* [Exercise data]:
[Start of section]
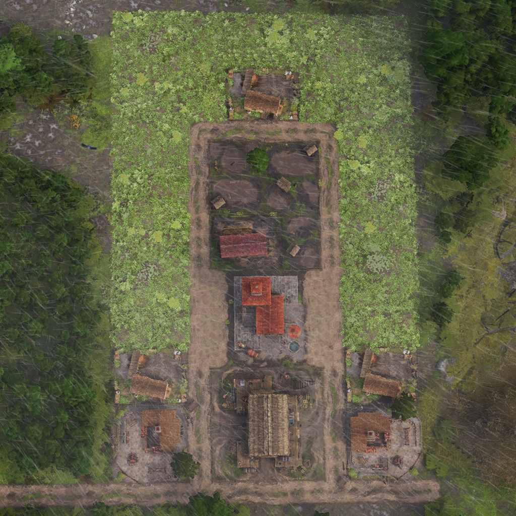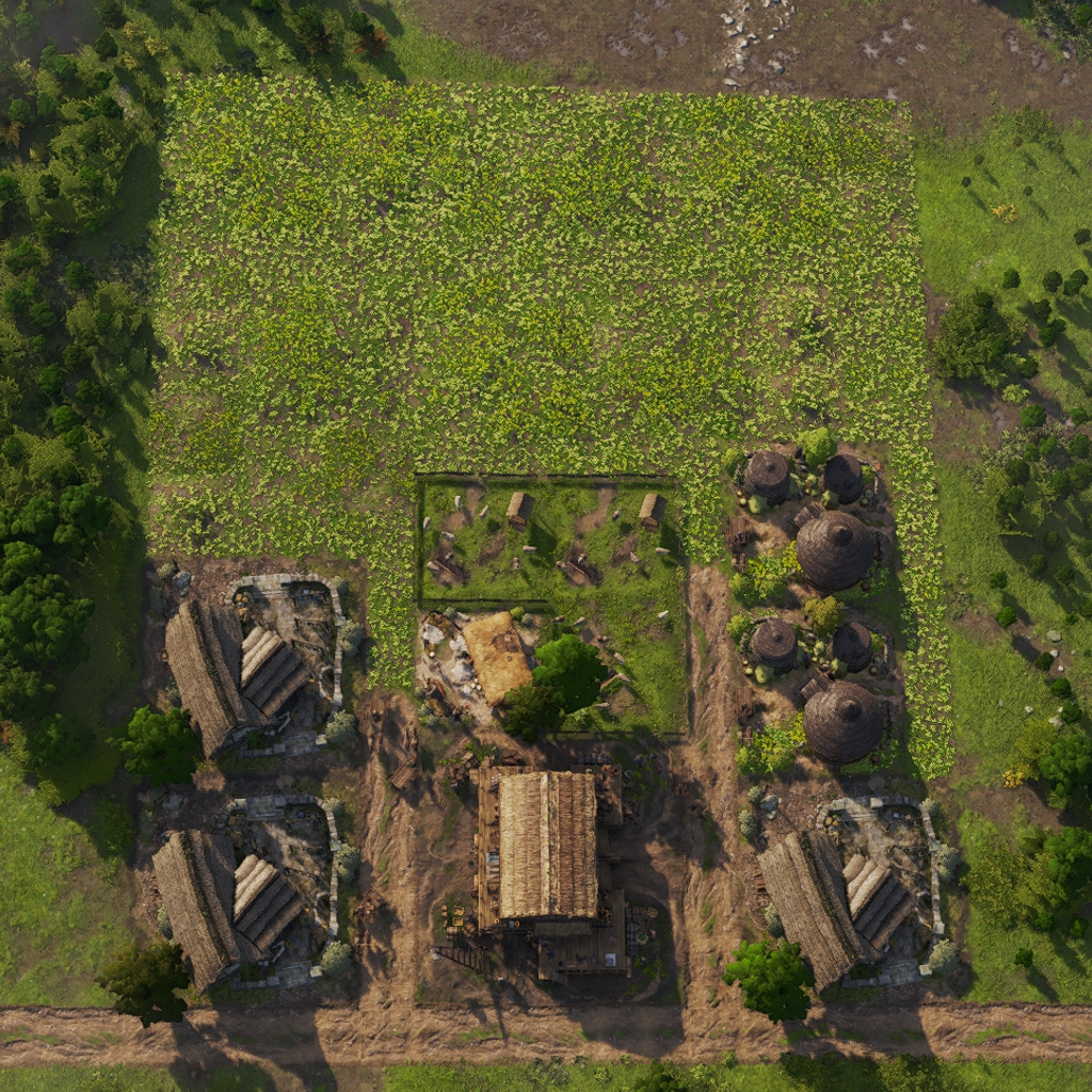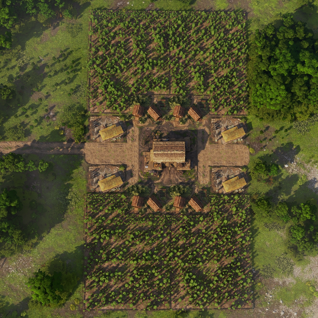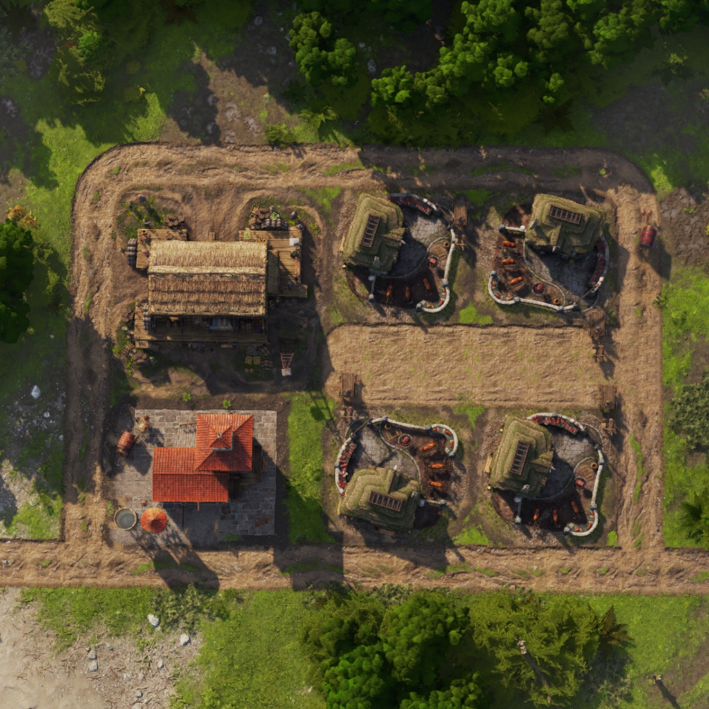 The layout features all necessary land based production buildings to fully supply the housing inside.
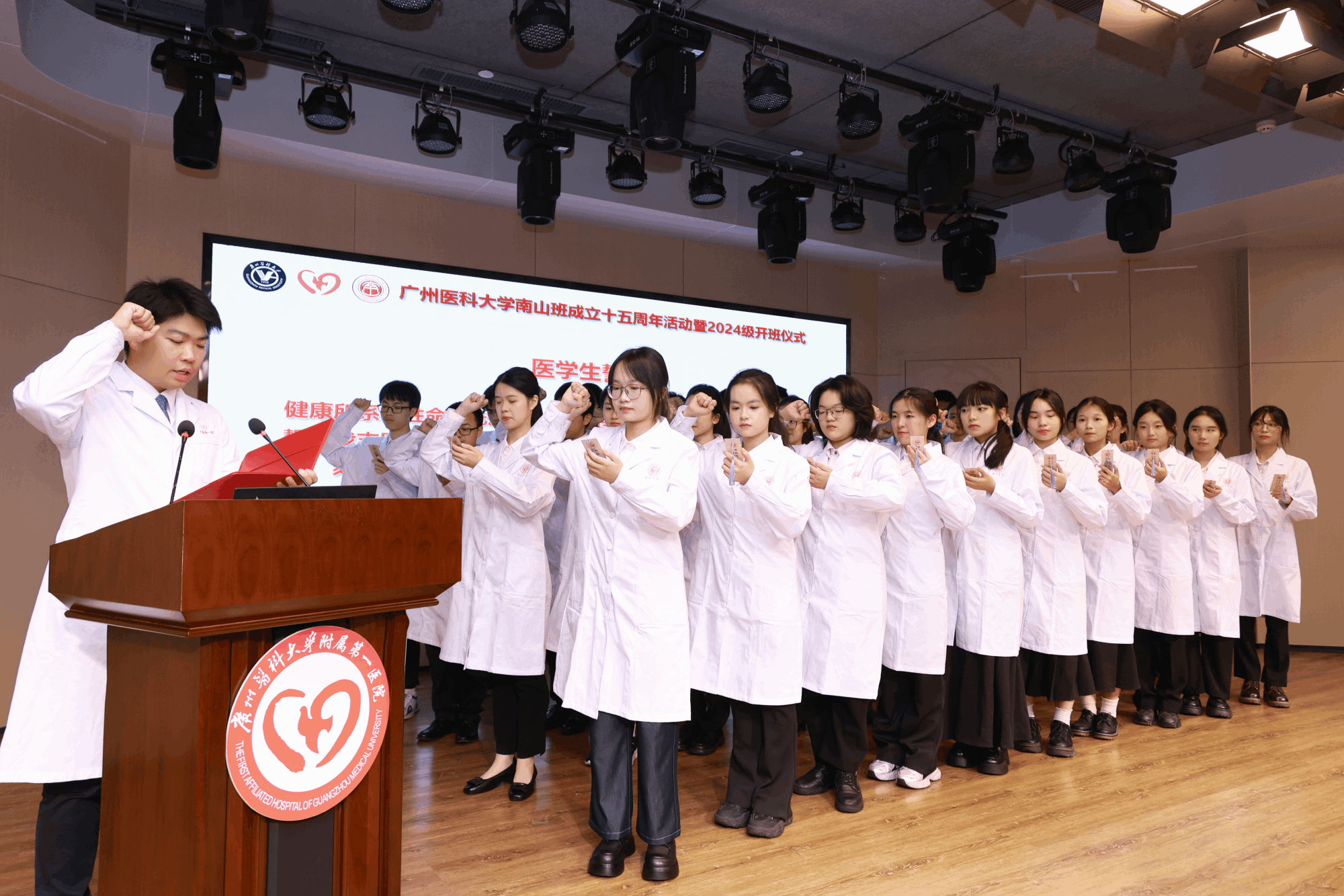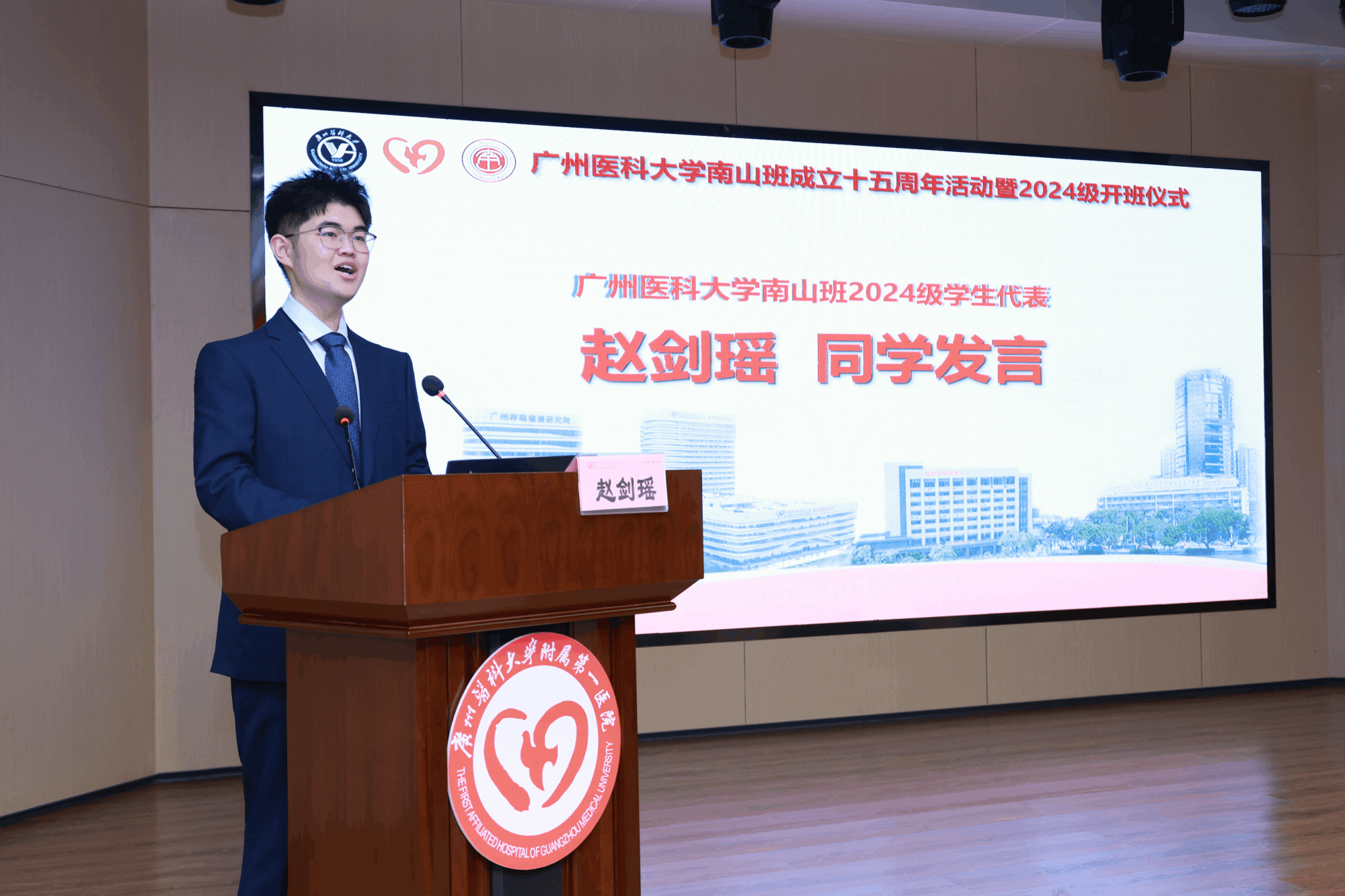 2024级新生代表赵剑瑶在发言中表示,作为学校最具使命感的特色班级,南山班学子不仅要精研医术,更要心怀家国,无论是治病救人还是科学研究,都需要扎实的基础知识作为支撑,2024级南山班学子将传承南山精神,脚踏实地刻苦学习,不负所托,书写属于广医人的新篇章!
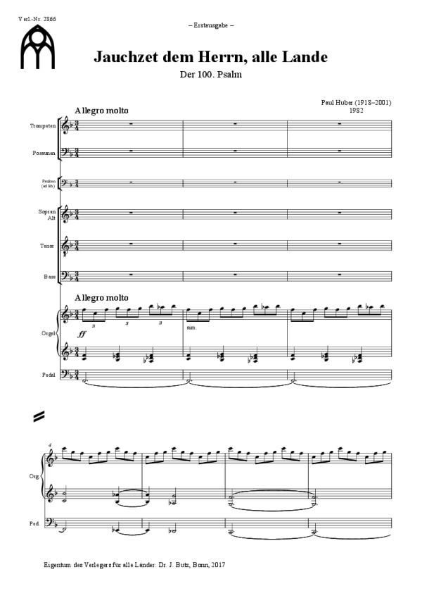 | Untertitel: | für gem Chor, Bläser und Orgel (Pauken ad lib) Partitur |
[End of section]
* [Task prompt]: Only the lines from the one containing "2024级新生代表赵剑瑶在发" through the last line of the material are to be restated word for word; no picture is to be included.

* [Output of the exercise]:
 2024级新生代表赵剑瑶在发言中表示,作为学校最具使命感的特色班级,南山班学子不仅要精研医术,更要心怀家国,无论是治病救人还是科学研究,都需要扎实的基础知识作为支撑,2024级南山班学子将传承南山精神,脚踏实地刻苦学习,不负所托,书写属于广医人的新篇章!
 | Untertitel: | für gem Chor, Bläser und Orgel (Pauken ad lib) Partitur |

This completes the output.